• **What you are asked to do**: Return only the lines below starting at the line containing "Wooden beams of" and ending at the line containing "The January/February edition", both included, exactly as they are and with no pictures.

[Records from a data source]
BEGIN

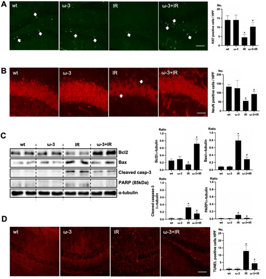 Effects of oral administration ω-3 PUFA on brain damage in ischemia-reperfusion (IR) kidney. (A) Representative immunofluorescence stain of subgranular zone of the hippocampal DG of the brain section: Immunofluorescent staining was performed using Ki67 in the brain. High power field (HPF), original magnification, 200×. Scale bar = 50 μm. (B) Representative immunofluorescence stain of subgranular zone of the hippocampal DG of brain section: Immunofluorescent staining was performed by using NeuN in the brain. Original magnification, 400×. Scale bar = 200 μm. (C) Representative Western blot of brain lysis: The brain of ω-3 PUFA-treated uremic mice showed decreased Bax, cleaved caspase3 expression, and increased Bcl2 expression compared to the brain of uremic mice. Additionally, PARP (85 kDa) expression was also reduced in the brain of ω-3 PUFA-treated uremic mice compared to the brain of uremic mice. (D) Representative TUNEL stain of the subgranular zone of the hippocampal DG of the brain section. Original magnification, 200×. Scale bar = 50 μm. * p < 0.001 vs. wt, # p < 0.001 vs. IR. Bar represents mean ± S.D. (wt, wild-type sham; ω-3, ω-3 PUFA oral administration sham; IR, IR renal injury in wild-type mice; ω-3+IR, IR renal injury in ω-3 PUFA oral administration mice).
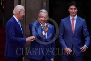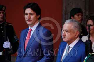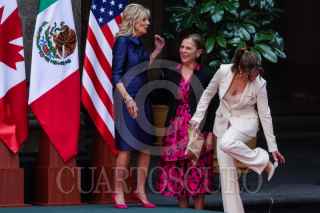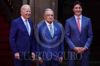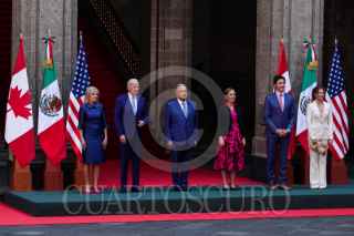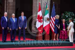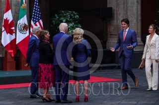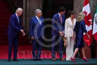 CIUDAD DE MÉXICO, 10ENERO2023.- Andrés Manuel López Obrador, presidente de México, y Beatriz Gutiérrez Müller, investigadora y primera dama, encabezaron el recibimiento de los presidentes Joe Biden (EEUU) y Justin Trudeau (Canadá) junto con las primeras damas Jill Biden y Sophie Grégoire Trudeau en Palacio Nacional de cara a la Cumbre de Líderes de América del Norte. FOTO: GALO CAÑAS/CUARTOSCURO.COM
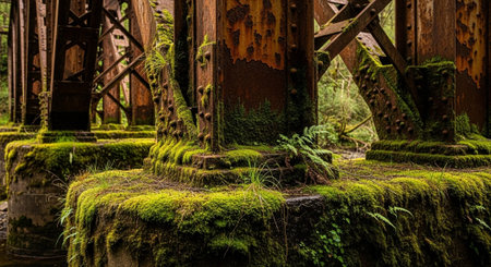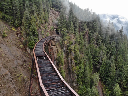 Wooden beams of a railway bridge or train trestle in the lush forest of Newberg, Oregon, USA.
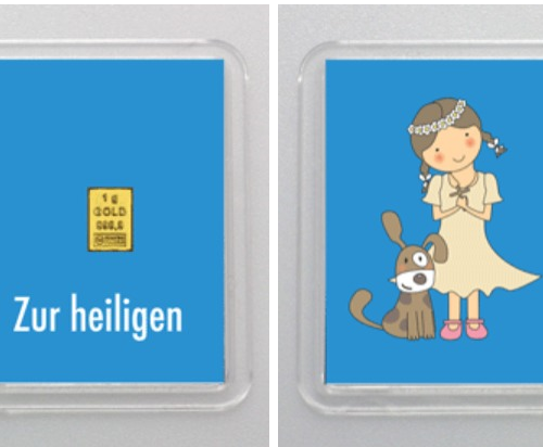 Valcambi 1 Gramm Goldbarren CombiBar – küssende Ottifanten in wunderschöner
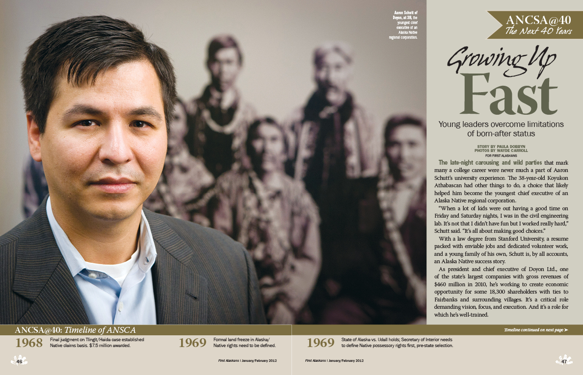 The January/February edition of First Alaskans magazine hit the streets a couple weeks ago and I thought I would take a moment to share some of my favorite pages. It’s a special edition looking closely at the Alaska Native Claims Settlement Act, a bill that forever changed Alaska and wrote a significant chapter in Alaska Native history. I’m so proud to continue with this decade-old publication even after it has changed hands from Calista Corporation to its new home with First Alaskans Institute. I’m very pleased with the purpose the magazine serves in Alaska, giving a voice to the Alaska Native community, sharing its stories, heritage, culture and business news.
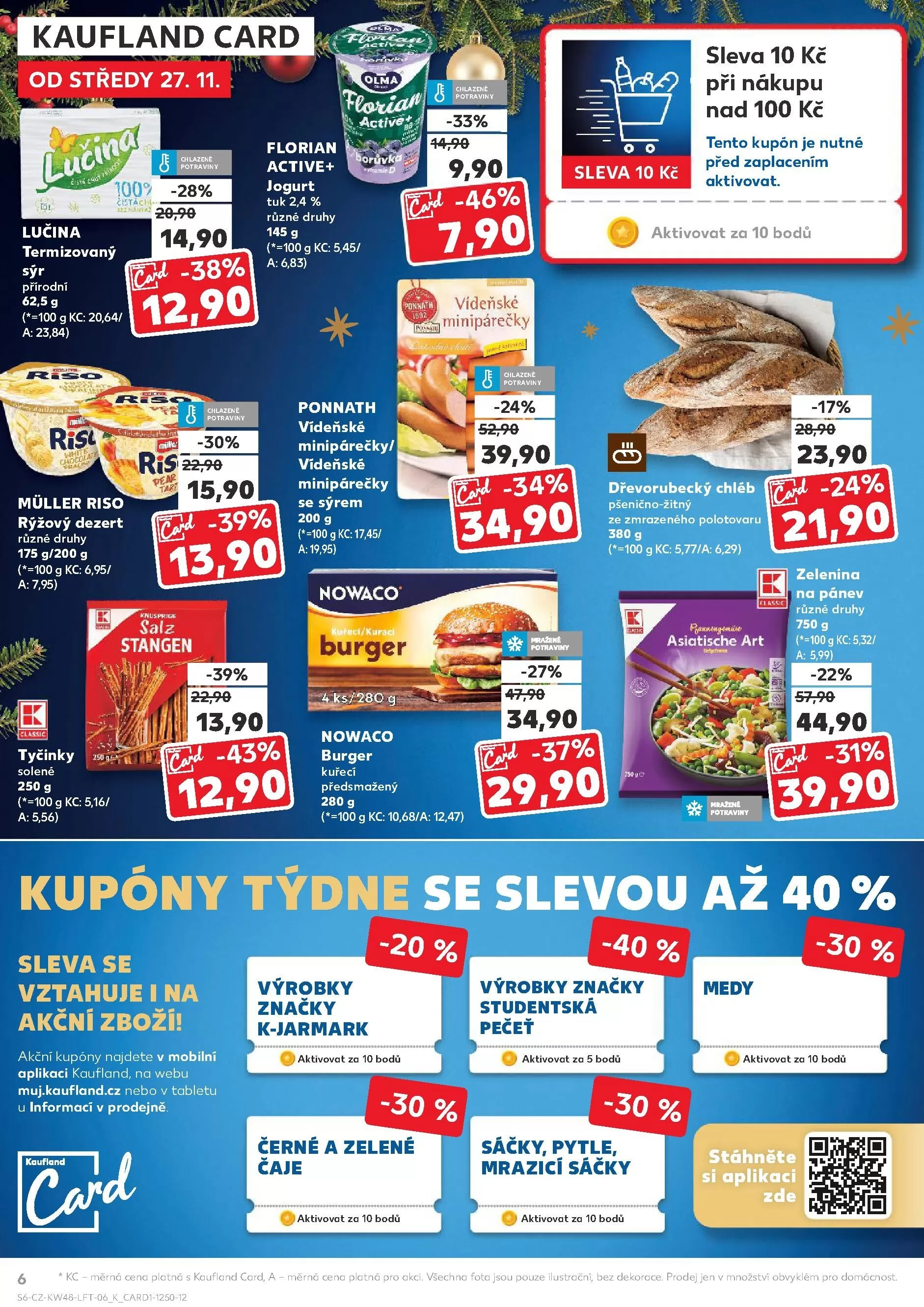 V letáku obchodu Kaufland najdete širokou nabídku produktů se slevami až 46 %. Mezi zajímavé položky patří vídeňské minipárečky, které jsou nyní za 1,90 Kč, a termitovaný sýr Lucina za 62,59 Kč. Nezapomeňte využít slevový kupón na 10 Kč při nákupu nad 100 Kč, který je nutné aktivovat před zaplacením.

END

• **Task response**:
 Wooden beams of a railway bridge or train trestle in the lush forest of Newberg, Oregon, USA.
 Valcambi 1 Gramm Goldbarren CombiBar – küssende Ottifanten in wunderschöner
 The January/February edition of First Alaskans magazine hit the streets a couple weeks ago and I thought I would take a moment to share some of my favorite pages. It’s a special edition looking closely at the Alaska Native Claims Settlement Act, a bill that forever changed Alaska and wrote a significant chapter in Alaska Native history. I’m so proud to continue with this decade-old publication even after it has changed hands from Calista Corporation to its new home with First Alaskans Institute. I’m very pleased with the purpose the magazine serves in Alaska, giving a voice to the Alaska Native community, sharing its stories, heritage, culture and business news.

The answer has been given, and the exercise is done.